Woman finds second career providing homes to disabled US vets

Vicki Thomas put her 35 years of experience to work, raising millions of dollars for Purple Heart Homes, which provides housing for wounded soldiers.

Gary Cameron/Reuters/File
A child looks at the prosthetic legs of US military veterans who lost limbs in Iraq and Afghanistan during a Memorial Day parade in Binghamton, N.Y. in 2012.The work of Vicki Thomas at Purple Heart Homes, which helps disabled veterans find housing, has won her a $100,000 Purpose Prize, given annually to a baby boomer making a positive social impact.

Vicki Thomas was at an age where many people look forward to retirement. She had enjoyed a successful career in public relations and marketing, including stints at a financial services trade group, a major television network, and running her own Connecticut-based marketing company.

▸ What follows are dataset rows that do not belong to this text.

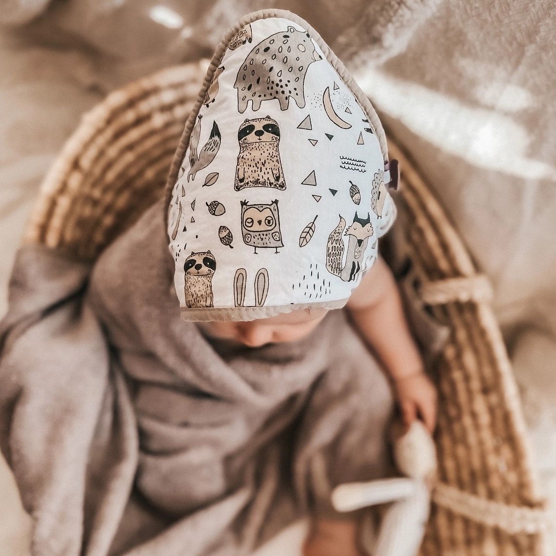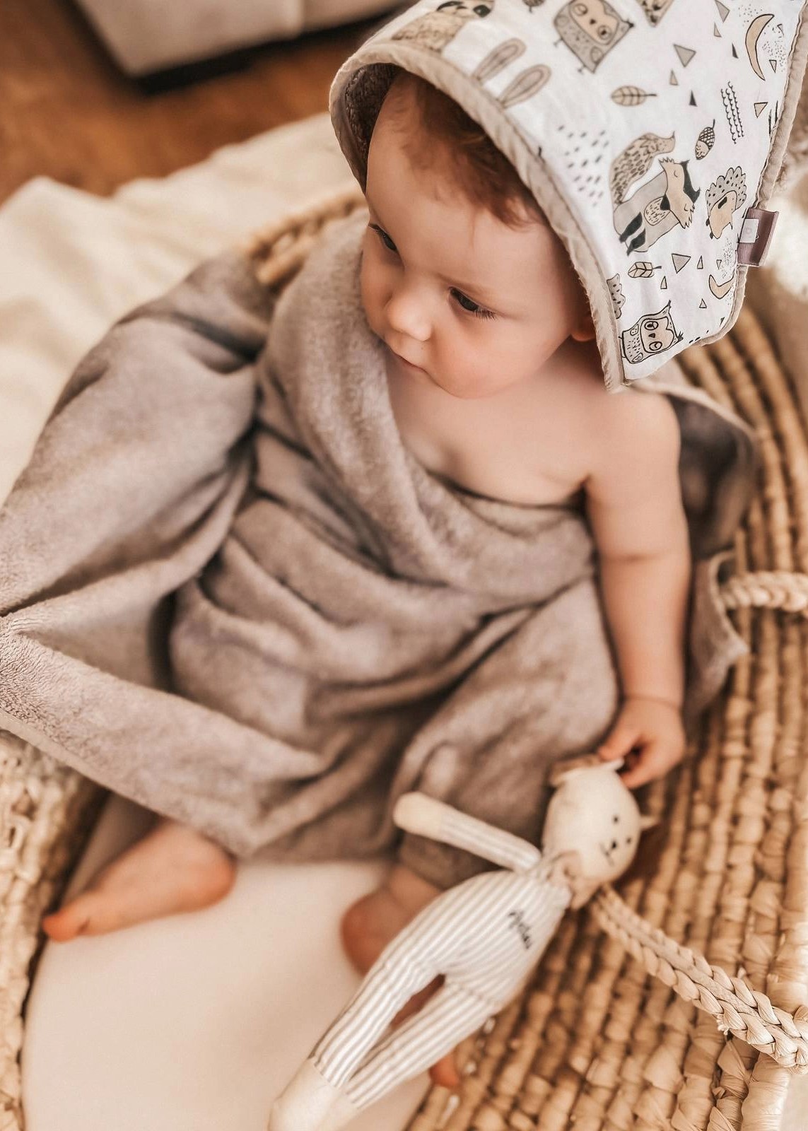 Kapturek okrywający głowę doskonale wchłania wodę, dokładnie osuszając delikatną skórę dziecka.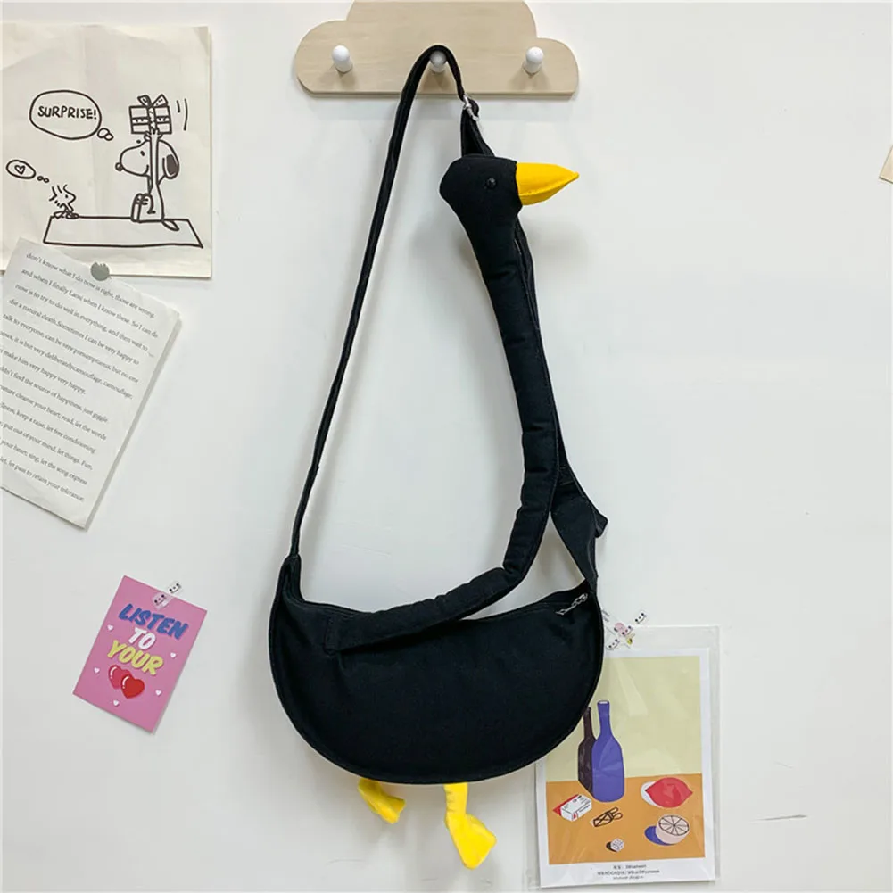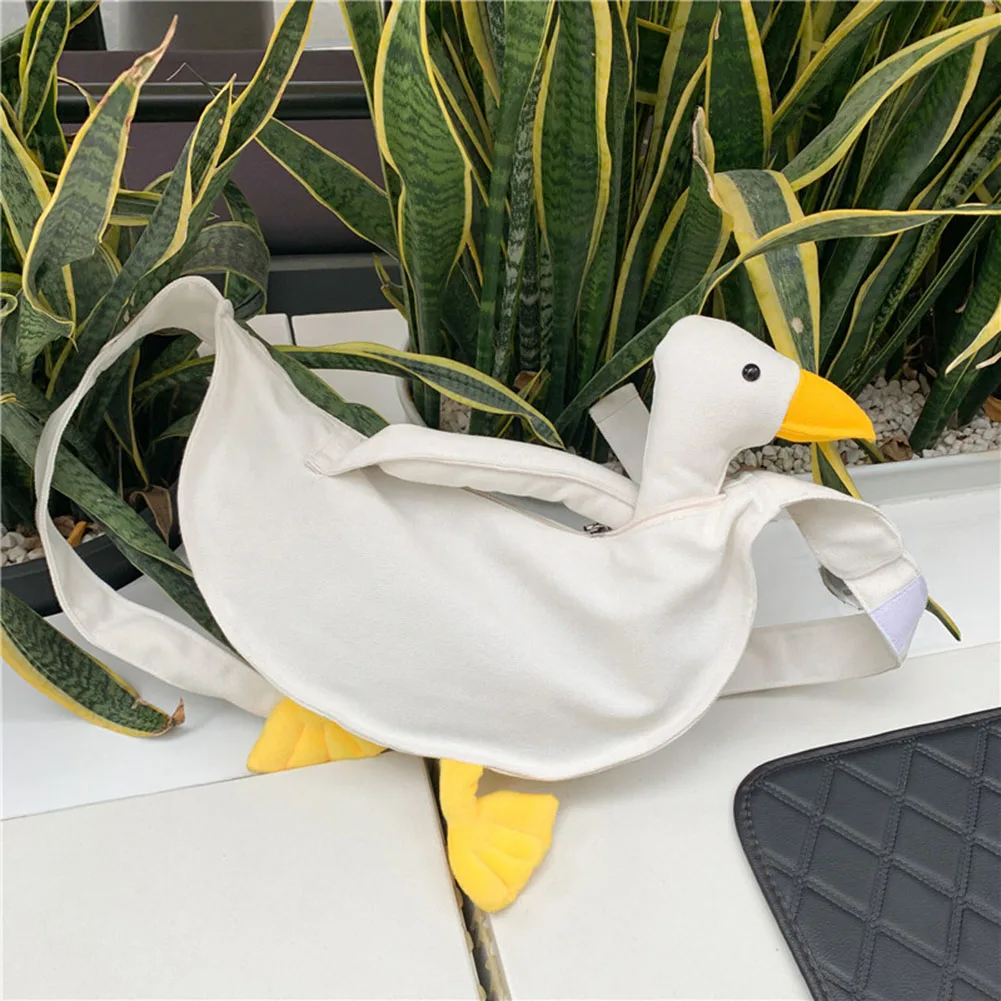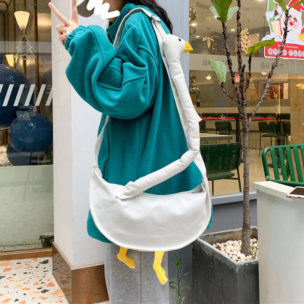 Women Cute Shoulder Bag Adjustable Strap Canvas Cartoon Goose Bag Large Capacity Funny Goose Shoulder Bag Daily Bag for Girls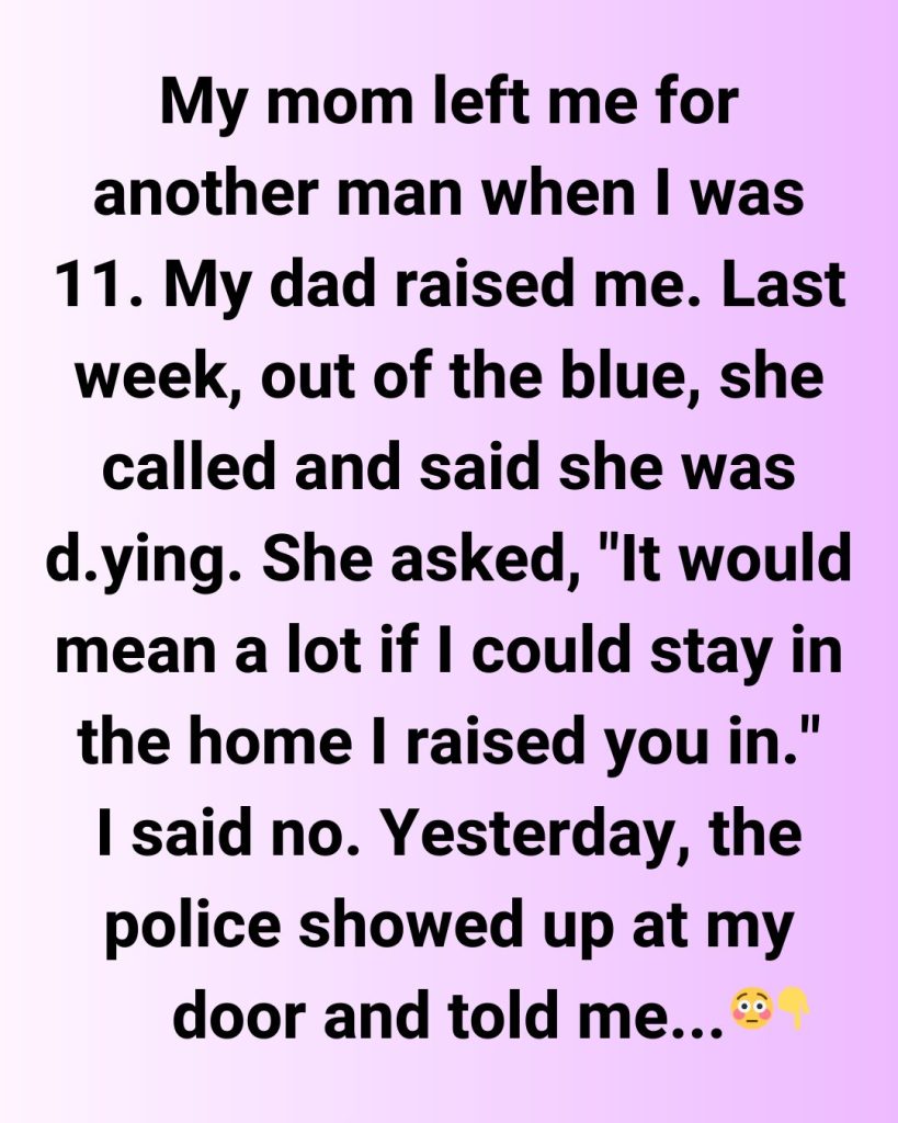 My mom left me for another man when I was 11, so my dad raised me alone. Now I’m 29, my dad’s gone, and the house is mine. Last week, my mom called out of nowhere.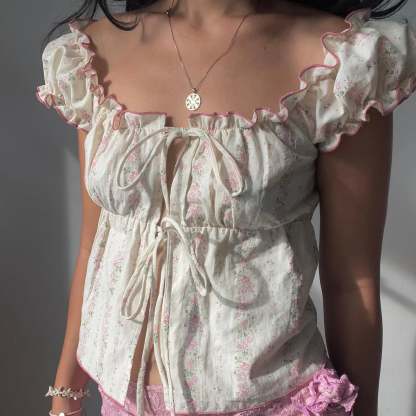 Hign-concerned Chemical : None Style: Slim Fit Craft of Weaving : Non-woven Pattern Them : Fairy tale Season : Summer Sleeve Style : Regular Collar : Square Collar Pattern Type : Floral Clothing Length : Regular Sleeve Length(cm) : Short(4-16inch) Fabric Type : Broadcloth Style : vintage Material : Polyester,Spandex Gender : Women Tops Type : Tees Item Type : Tops Elasticity : Non Strech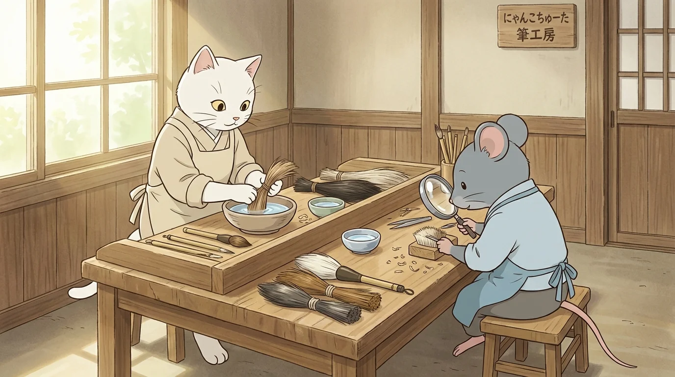 - 💎筆職人の指先は、毛のキューティクルの向きを感じ取るために異常に発達している
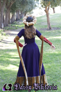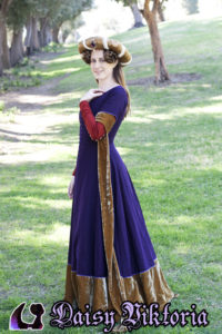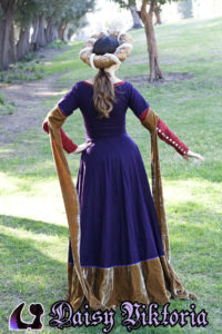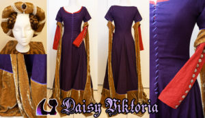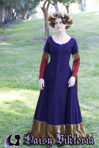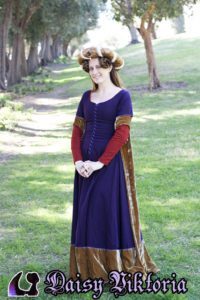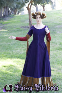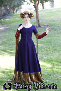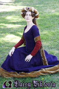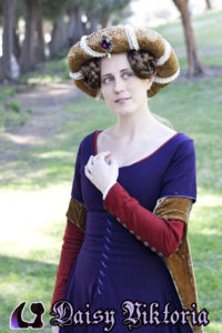 This gown is based on early 15th century sources. The outer layer is made of linen with silk velvet trim and tippets. Hand woven cord has been couched on the edges and is also used for the front lacing. The gown is worn over another layer of red linen, as well as a white under dress. The hat is accented with a gem in front.
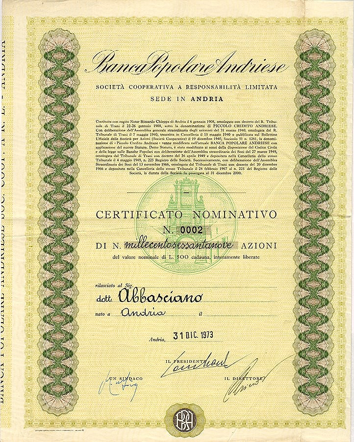 Fu costituita nel 1908 come Piccolo Credito Andriese, denominazione mutata in Banca Popolare Andriese nel 1940. Nel 2000 fu assorbita dal Credito Emiliano oggi gruppo Credem.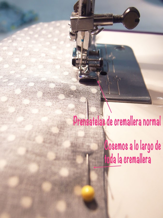 PASO 6: Ponemos nuestro pie de cremallera y cosemos la cremallera por el lado que queda en el exterior de los dientes.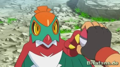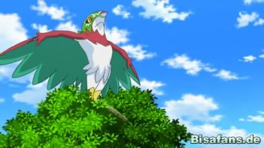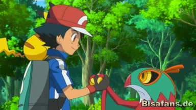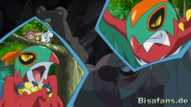 Heureka und Ash wollen den Pokémon helfen und das Ursaring dazu bringen, die Beeren zurückzugeben. Doch da springt plötzlich aus einem Baum ein Pokémon. Laut dem Pokédex handelt es sich um ein Resladero, doch sieht das wilde ein wenig anders als das im Pokédex aus. Es stellt sich heraus, dass es eine Maske aus Blättern trägt, die es dann aber abstreift.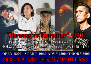 さらに詳しく »"Percussive Harmony" vol.1 西岡ヒデローとYuiの発案によるセッションの第一回目。ドラムに白根佳尚、ベースにヤーマン、キーボードに小林岳五郎を迎え織りなすリズムとハーモニーの実験室。初めてのキャスティングが起こすケミストリーは予測不可能! ★Percussive Harmony vol.1★ 2023/2/8(水)@元住吉POWER…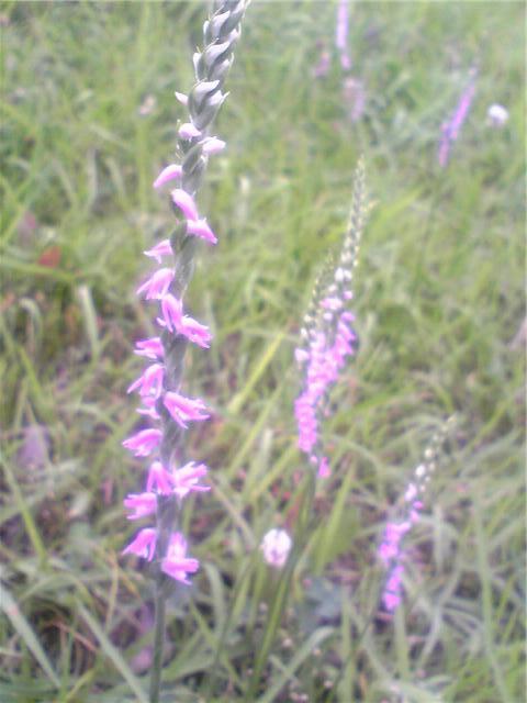 素直なネジバナがあり、チョクバナとでも名前を付けたくなります。こんな素直なネジバナもあるのです。集団で直立していました。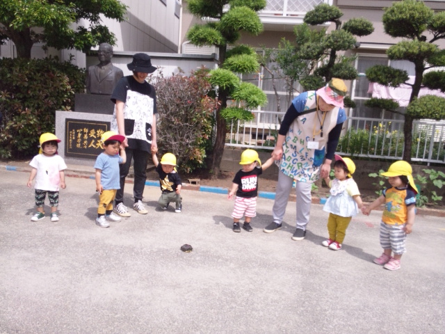 2歳児のAくんが・・・ 『カメさん。こんにちは!』と・・・ 優しく挨拶をしていました。
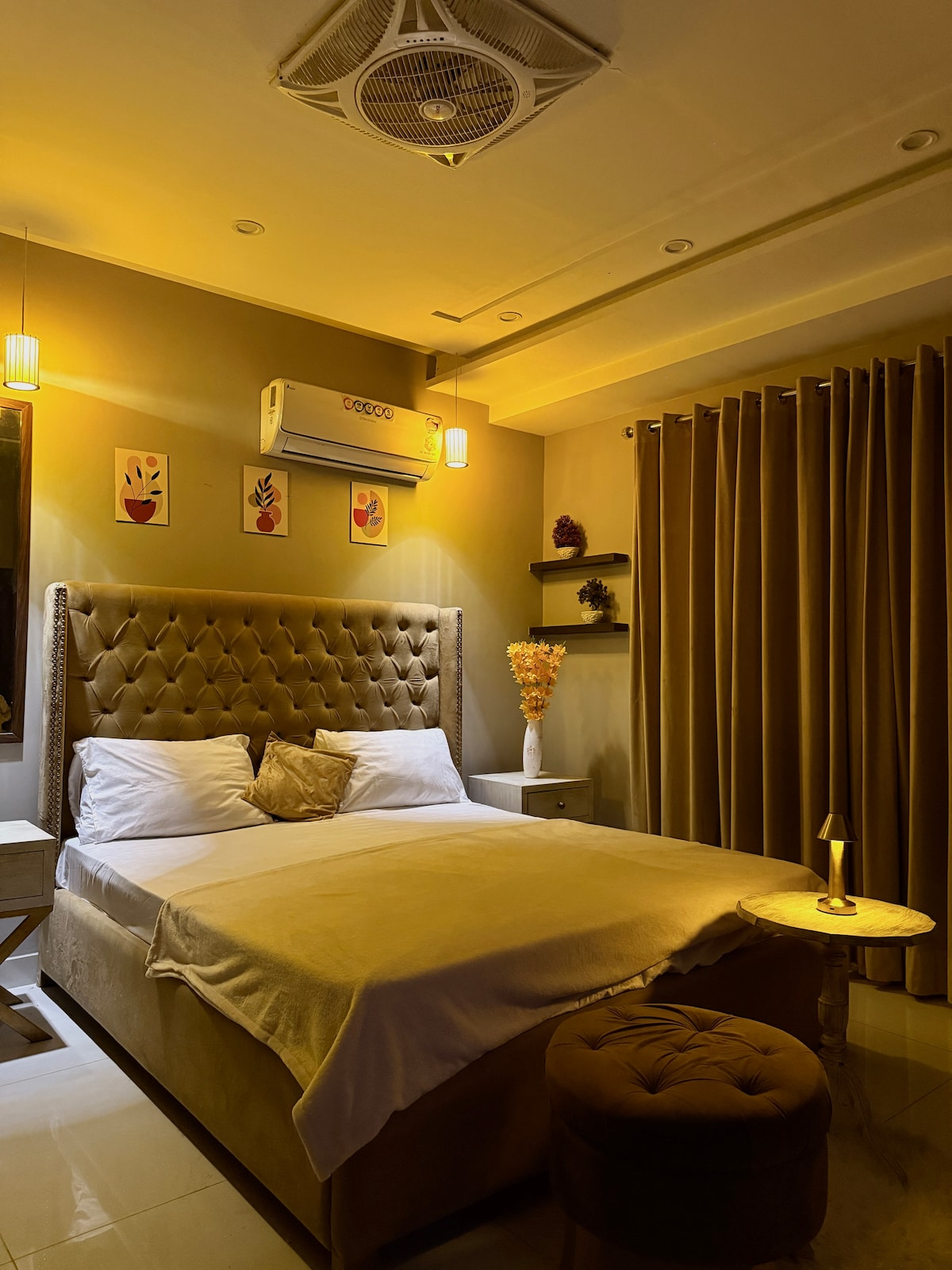 Luxury 1-Bed Apartment | Eiffel View | Staysia Rooms 1 - Eiffel View Balcony for morning coffee 2 - Queen Bed with Floating Lights 3 - 2 Smart LCDs (55” in bedroom) + Netflix 4 - 2 ACs (1 free, 1 optional +PKR 2000) 5 - High-Speed Wi-Fi, peaceful ambiance 6 - Dining for 4, plates & cutlery 7 - Self Check-in/out + Welcome Basket 8 - No parties, drugs, alcohol, or loud music 9 - Stylish décor & professional hospitality 10- Comfortable, cozy and Spacious

But Ms. Thomas flipped on the television one day in 2009 and saw something that launched her on to a new career at age 64.

It was a CNN feature about two combat-wounded veterans of the wars in Iraq and Afghanistan who had started a nonprofit organization to provide housing for wounded soldiers.

Dale Beatty and John Gallina were injured when their Humvee hit two antitank mines in November 2004. Mr. Beatty was left as a double amputee while Mr. Gallina sustained back and head injuries.

Thomas was riveted by their story, and before she knew it, she was on the phone cold-calling them to volunteer her services.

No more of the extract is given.